Supporters argue using domestic coal would reduce dependence on imported oil from unstable parts of the world.
"It has the potential to be a meaningful supply of fuel that would take the price off of gasoline and diesel fuel and would take the dependence down on the Mideast," said Don Blankenship, chief executive of Massey Energy Co., the nation's fourth-largest coal producer by revenue.
Environmentalists contend conservation and energy efficiency would do the same thing. And they argue coal to liquids plants double the greenhouse gases of oil refining, consume of vast quantities of water and increase coal production.
"Why in heaven's name would we be subsidizing anything that's giving double the greenhouse gases?" said Vivian Stockman of the Ohio Valley Environmental Coalition. "It's basically a way to prop up the coal industry and give them more subsidies and hold people economic hostage."
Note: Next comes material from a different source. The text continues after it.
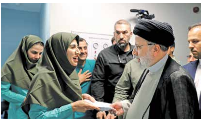
افتتاح دو بیمارستان ۶۴ تختخوابی شهرستان رستم و ۱۶۰ تختخوابی شهرستان فسا

Ramsbottom and others contend they'll be able to reduce overall carbon dioxide emissions by capturing the gas and selling it to oil producers to extend the life of aging wells, among other things. If several plants get off the ground quickly, they can actually cut down carbon emissions, he said.
"It actually increases your pollution and decreases safety not to do coal to liquids," he said, explaining that oil producing countries "don't care anything about the environment. ... It's so backwards I don't really know how to describe it."